* WHAT IS NEEDED: Repeat only the lines below that run from the line with "Personenbezogene Daten auf" to the line with "Roti rol manis", ends included; skip every picture.

====== DATASET ENTRIES ======

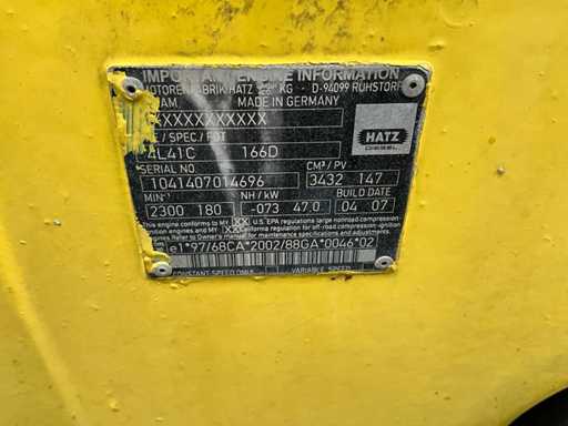 Voorzien van: Hatz dieselmotor, type: 4L41C,4 cilinders. Max. Rijsnelheid: 4 (km/h), 2300 rpm. Centrale vetsmering onderwagen, Joystick bediening.
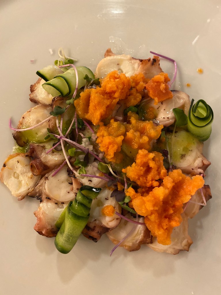 I started with a duo of appetizers (and forgot to take a photo). It consisted of charred octopus and a spiced falafel. The falafel was served with a mint-pistachio pesto and some pickled vegetables. Both were really good!
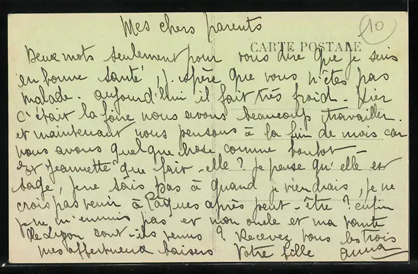 Personenbezogene Daten auf der Rückseite der Karte wurden durch blauen Textmarker unkenntlich gemacht. Die blauen Stellen sind auf die Vorderseite durchgeweicht und wirken sich negativ auf das Postkartenfoto aus
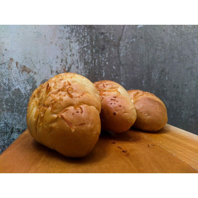 Roti rol manis gurih dan lembut dengan taburan keju tanpa filling isi di dalamnya.
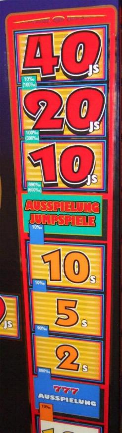 In Supersonderspielen und Jumpspielen wird der mittlere Drehkörper bei Nichtgewinn und dem Symbol - 40 - automatisch eine Position weitergedreht. (Das nächste Feld ist ein goldenes Feld). Diese Spiele werden ohne Abbuchung des Spieleinsatzes abgespielt. Sonderspiele werden bei den dargestellten 7er-Kombinationen ausgespielt und zusätzlich 20 Cent gegeben. In einer Serie werden bei jeder Gewinnkombination oder goldenem Feld 2,- € gegeben. Mit Erreichen von Supersonder- bzw. Jumpspielen werden bereits angezeigte und neu hinzugewonnene Sonderspiele als Supersonder- bzw. Jumpspiele gewertet. In Jumpspielen gelten bei "AUSSPIELUNG JUMPSPIELE" die in Klammern angegebenen Ausspielwahrscheinlichkeiten. |
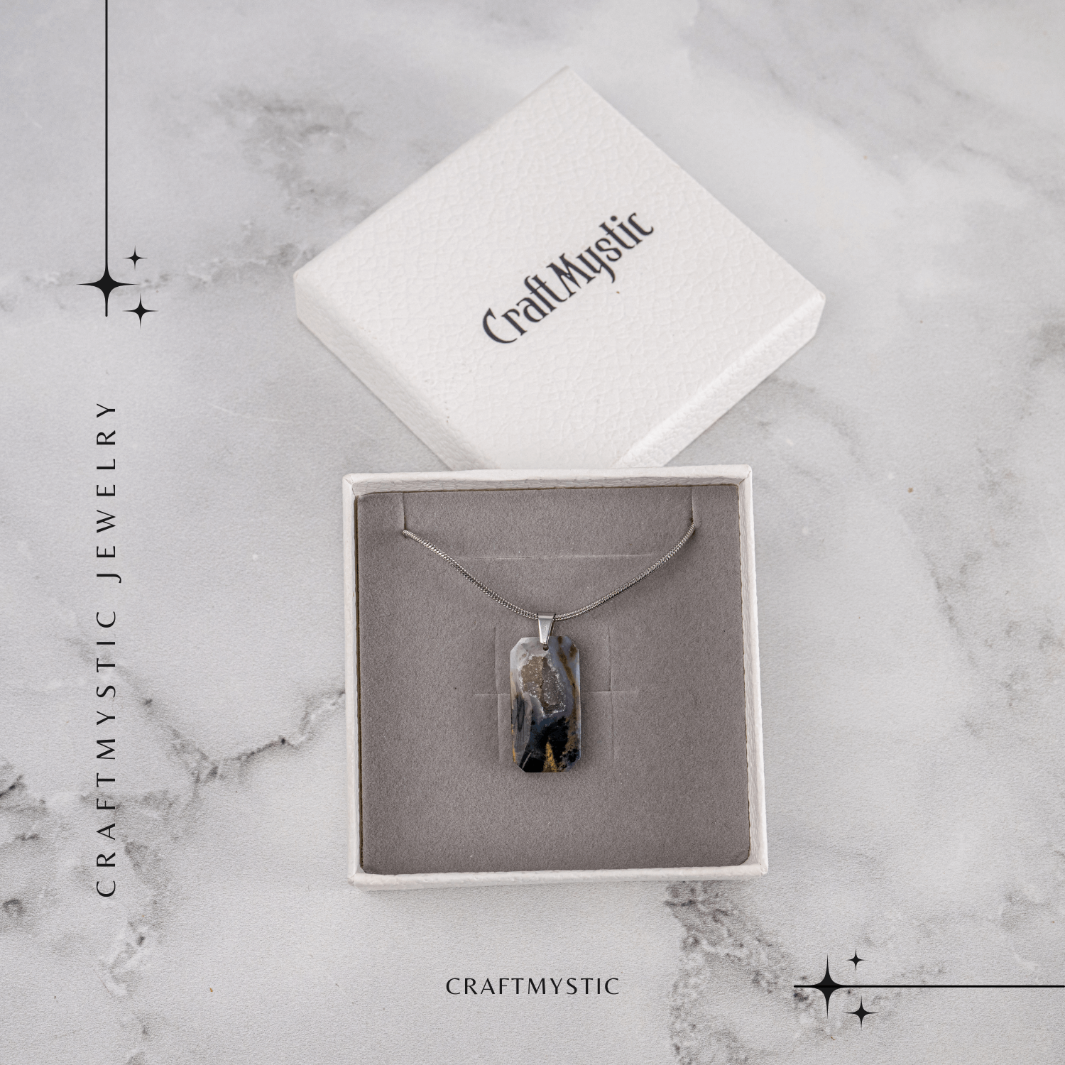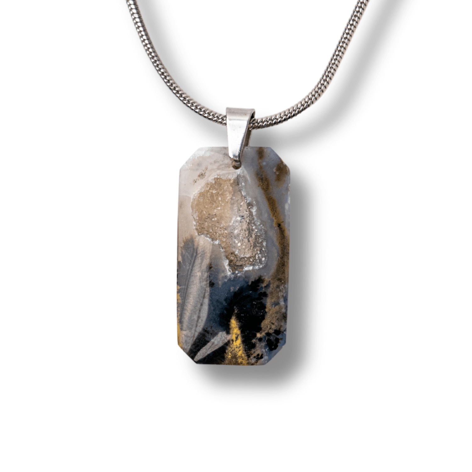 Colierul cu Agat Dendritic în formă dreptunghiulară aduce o vibrație organică, liniștitoare și profund conectată cu natura. Forma dreptunghiulară simbolizează stabilitatea, structura și echilibrul interior, iar agatul dendritic – cu incluziuni ce amintesc de frunze sau ramuri – este considerat o piatră a legăturii cu pământul, creșterii personale și armoniei subtile.

======

* SOLVED PROBLEM:
 Personenbezogene Daten auf der Rückseite der Karte wurden durch blauen Textmarker unkenntlich gemacht. Die blauen Stellen sind auf die Vorderseite durchgeweicht und wirken sich negativ auf das Postkartenfoto aus
 Roti rol manis gurih dan lembut dengan taburan keju tanpa filling isi di dalamnya.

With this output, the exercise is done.